Uma unidade de backup de bateria (BBU) fornece energia de curta duração próxima ao servidor ou rack. Ela pode suportar interrupções de entrada, suavizar mudanças rápidas na carga da GPU e permitir um desligamento ordenado. Ao contrário de um sistema UPS de grande porte, uma BBU é normalmente projetada com base nos requisitos de resposta e energia de equipamentos de computação específicos.
Será que os sistemas HVDC de 800V substituirão os sistemas UPS?
Não imediatamente.
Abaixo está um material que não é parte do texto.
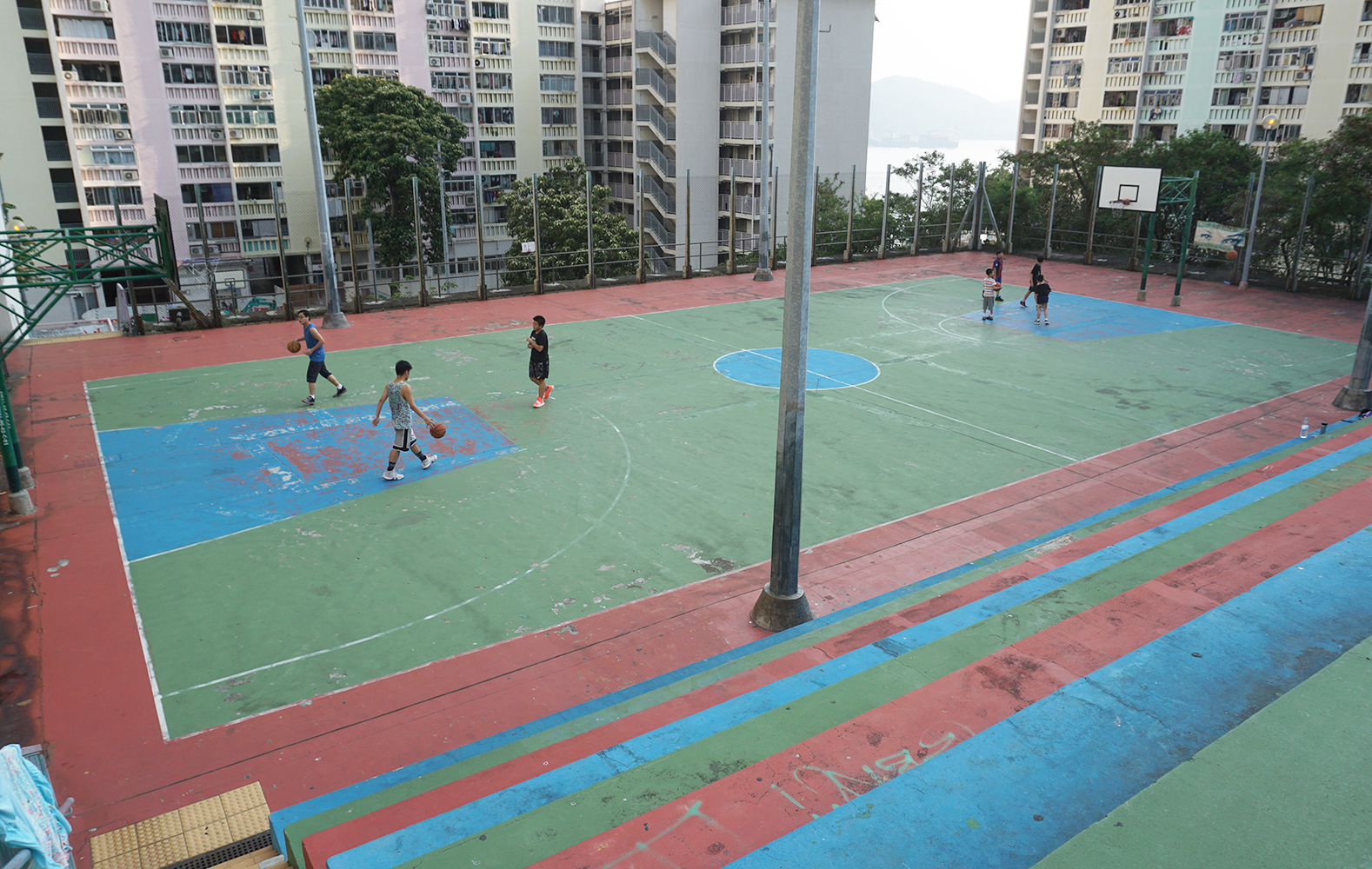 Wah Fu (I) Estate in Pok Fu Lam, Hong Kong.
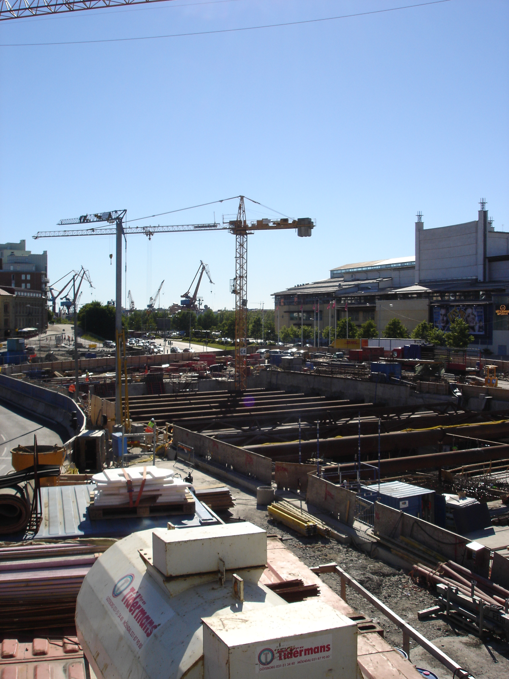 The construction site at the eastern end of the 'Götatunneln' which is being built in Gothenburg, Sweden. The tunnel is scheduled for completion during 2006. The building in the rightmost background is the opera house. This area is usually referred to as 'Lilla Bommen'.
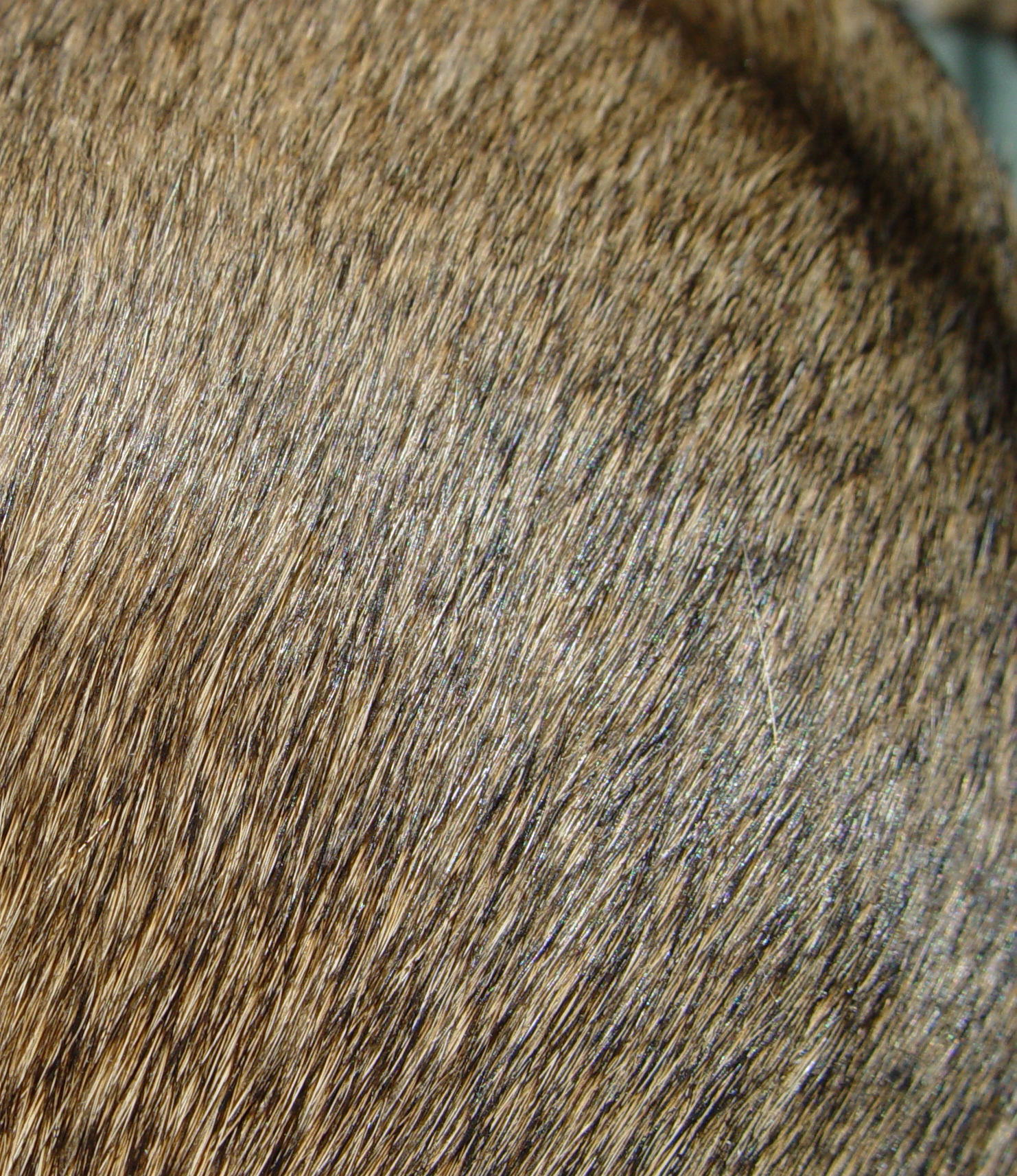 The fur of a brindle Greyhound
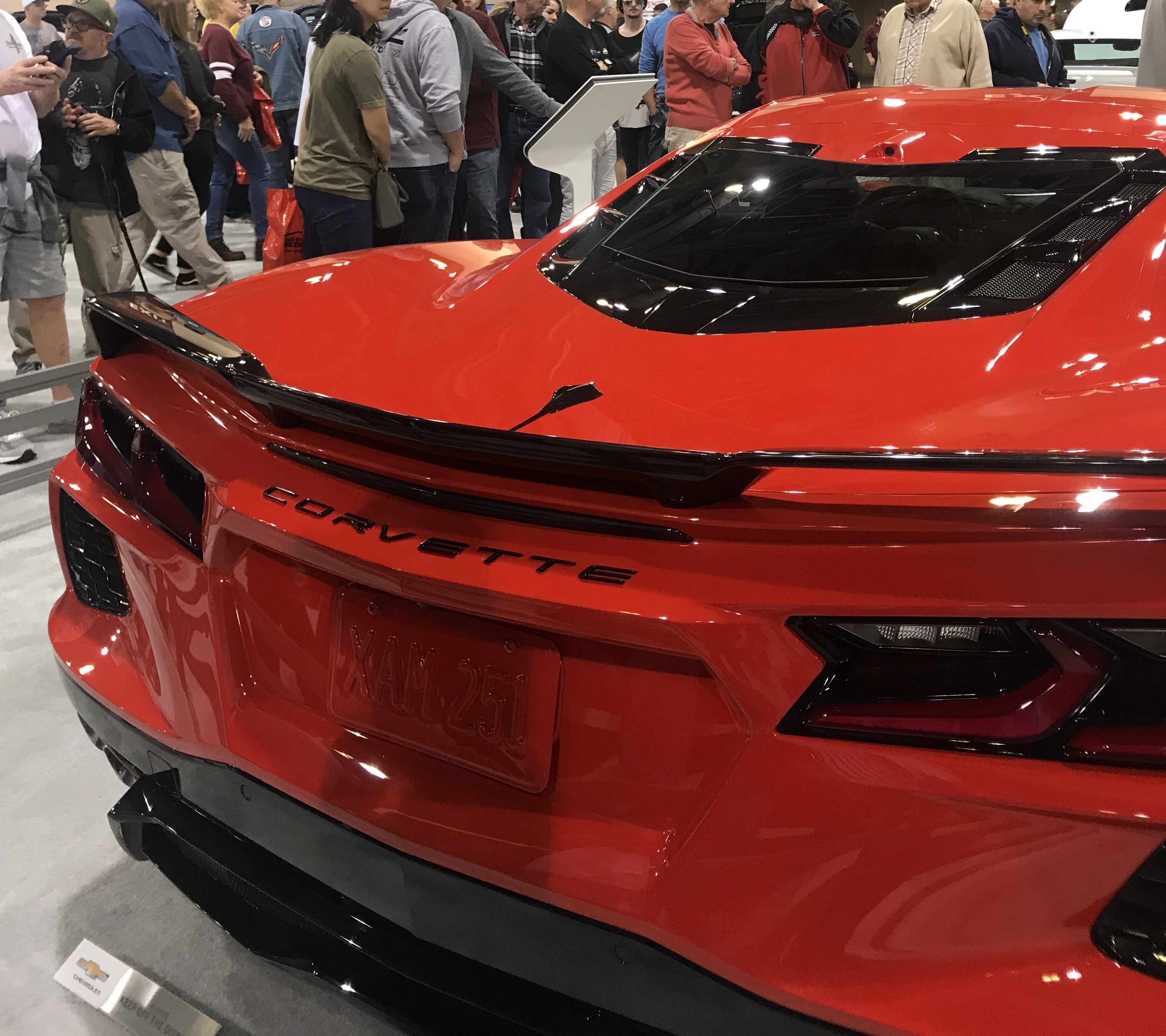 A 2020 Chevy Corvette C8 at the Arizona International Auto Show in Phoenix, Arizona.
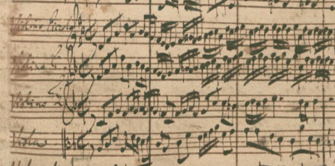 Excerpt from Johann Sebastian Bach's Brandenburg Concerto no. 1 in F major.
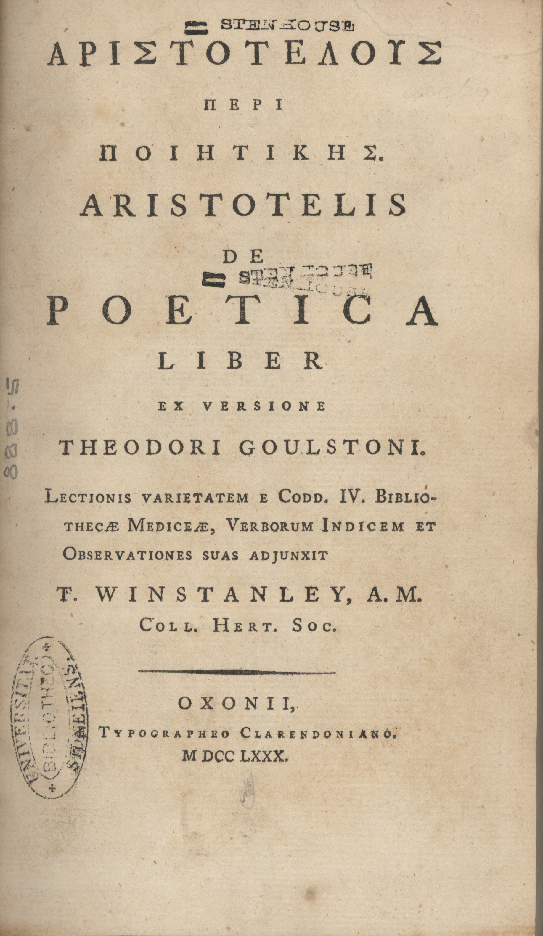 1780 edition of The Poetics by Author:Aristotle

As novas arquiteturas de 800 V CC podem reduzir os estágios de conversão e transferir a conversão de energia para fora do rack de computadores, mas os data centers existentes ainda dependem de sistemas de distribuição CA e UPS. É provável que os sistemas UPS, as arquiteturas CC intermediárias e os sistemas de 800 V CC coexistam durante um longo período de transição.
Qual a composição química de baterias de lítio adequada para uma BBU de servidor?
O NMC oferece alta densidade de energia para sistemas com restrições de espaço, enquanto o LiFePO4 proporciona forte estabilidade térmica e longa vida útil. O LTO pode ser adequado para aplicações com ciclos excepcionalmente altos. A escolha correta depende da potência de descarga, do espaço disponível, da frequência de ciclagem, da temperatura, da duração do backup e dos requisitos de certificação.
Por que um BMS é importante para sistemas de baterias de servidores de IA?
A Sistema de gerenciamento de bateria Monitora tensão, corrente, temperatura, SOC (estado de carga) e SOH (estado de saúde). Controla o carregamento e a descarga, balanceia as células, informa a potência disponível e coordena o isolamento de falhas. Essas funções são essenciais quando as baterias suportam cargas computacionais de alto valor e rápida variação.
As baterias de lítio podem funcionar com sistemas de energia SOFC?
Sim. As baterias de lítio podem fornecer resposta imediata e absorver flutuações de energia de curta duração, enquanto uma SOFC fornece energia sustentada. Um sistema híbrido coordenado pode melhorar a resposta, a confiabilidade e a utilização da fonte de energia de longa duração.
Como os fabricantes podem desenvolver uma BBU personalizada?
Comece definindo a tensão do barramento, a potência de pico, o tempo de resposta, a frequência de ciclagem, o resfriamento, as dimensões, o protocolo de comunicação, a redundância e os requisitos de certificação. Large Power pode desenvolver baterias de lítio personalizadas e soluções BMS em torno desses requisitos de nível de sistema.
Referências
- NVIDIA, “Arquitetura de 800 VDC impulsionará a próxima geração de fábricas de IA”, 2025.
- NVIDIA GTC 2026, “Soluções de Data Center Modulares e de 800 VDC”.
- Pesquisa CICC, “Evolução da IA (15): Poder do servidor, o próximo mercado de cem bilhões de yuans”.
- Pesquisa CICC, “Observações da GTC 2026: Atualizações de resfriamento líquido e o lançamento oficial da solução HVDC de 800 V”.
- Pesquisa da CICC: “Novas soluções de energia para data centers: SOFC entra em um período de rápido crescimento”.